July 31, 2019
Not intended for U.S. and UK Media

U.S. FDA approves darolutamide, a new treatment for men with non-metastatic castration-resistant prostate cancer

Darolutamide was approved in the U.S. under the FDA Priority Review designation; approval granted three months ahead of target FDA action date / Approval based on Phase III ARAMIS trial evaluating the efficacy and safety of darolutamide plus androgen deprivation therapy (ADT) compared to placebo plus ADT

Berlin, July 31, 2019 - The U.S. Food and Drug Administration (FDA) has approved darolutamide, a non-steroidal androgen receptor inhibitor (ARi), under the brand name Nubeqa®. The FDA approval is for the treatment of patients with non-metastatic castration-resistant prostate cancer (nmCRPC) and is based on the Phase III ARAMIS trial evaluating darolutamide plus androgen deprivation therapy (ADT), which demonstrated a highly significant improvement in the primary efficacy endpoint of metastasis-free survival (MFS), with a median of 40.4 months versus 18.4 months for placebo plus ADT (p<0.0001). MFS is defined as the time from randomization to the time of first evidence of blinded independent central review (BICR)-confirmed distant metastasis or death from any cause within 33 weeks after the last evaluable scan, whichever occurred first. The compound, which is developed jointly by Bayer and Orion Corporation, a globally operating Finnish pharmaceutical company, was approved under the FDA Priority Review designation, which is reserved for medicines that may provide significant improvements in the safety or effectiveness of the treatment for serious conditions. The androgen receptor inhibitor has a distinct chemical structure that binds to the receptor with high affinity and exhibits strong antagonistic activity, thereby inhibiting the receptor function and the growth of prostate cancer cells.

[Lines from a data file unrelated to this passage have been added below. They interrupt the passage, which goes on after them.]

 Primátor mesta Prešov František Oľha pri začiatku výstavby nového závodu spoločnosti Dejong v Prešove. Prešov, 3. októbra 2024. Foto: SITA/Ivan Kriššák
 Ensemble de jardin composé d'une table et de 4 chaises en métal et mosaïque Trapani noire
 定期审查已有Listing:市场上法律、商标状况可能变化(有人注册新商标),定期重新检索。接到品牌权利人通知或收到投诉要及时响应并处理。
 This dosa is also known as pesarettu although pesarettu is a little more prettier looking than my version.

"Patients at this stage of prostate cancer typically don't have symptoms of the disease. The overarching goals of treatment in this setting are to delay the spread of prostate cancer and limit the burdensome side effects of therapy," said Matthew Smith, M.D., Ph.D., Director of the Genitourinary Malignancies Program, Massachusetts General Hospital Cancer Center. "This approval marks an important new option for the prostate cancer community."

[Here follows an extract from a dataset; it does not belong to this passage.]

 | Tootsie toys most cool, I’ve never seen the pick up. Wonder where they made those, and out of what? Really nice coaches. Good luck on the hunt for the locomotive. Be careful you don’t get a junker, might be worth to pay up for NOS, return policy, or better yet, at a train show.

Prostate cancer that is treated with ADT but keeps progressing even when the amount of testosterone is reduced to very low levels in the body is known as castration-resistant prostate cancer (CRPC). In the U.S., over 73,000 men are estimated to have a CRPC diagnosis in 2019. About one-third of men with non-metastatic CRPC go on to develop metastases within two years.

"With the approval of darolutamide, we now have a new therapy that extends MFS and allows physicians greater flexibility to treat men living with nmCRPC,," said Robert LaCaze, Member of the Executive Committee of Bayer's Pharmaceuticals Division and Head of the Oncology Strategic Business Unit. "Bayer is proud to take this latest step forward in the nmCRPC treatment landscape. Darolutamide is the newest addition to our prostate cancer portfolio and reflects Bayer's commitment to finding treatments for men at different stages along the prostate cancer continuum."

In the ARAMIS trial, overall survival (OS) and time to pain progression were additional secondary efficacy endpoints. A positive trend in OS was observed; OS data were not yet mature at the time of final MFS analysis. The MFS result was additionally supported by a delay in time to pain progression as compared to placebo plus ADT. All other secondary endpoints, time to cytotoxic chemotherapy, and time to a symptomatic skeletal event, demonstrated a benefit in favor of darolutamide.

The only adverse reactions occurring more frequently in the darolutamide plus ADT arm (?2% over placebo plus ADT) were fatigue (16% vs. 11%), pain in extremity (6% vs. 3%), and rash (3% vs. 1%). Discontinuation due to adverse events occurred in 9% of patients in both arms of the study.

Preclinical studies showed that darolutamide has a lower blood-brain barrier penetration compared to other currently available AR inhibitors. A high concentration of these compounds in the central nervous system (CNS) may lead to undesired side effects.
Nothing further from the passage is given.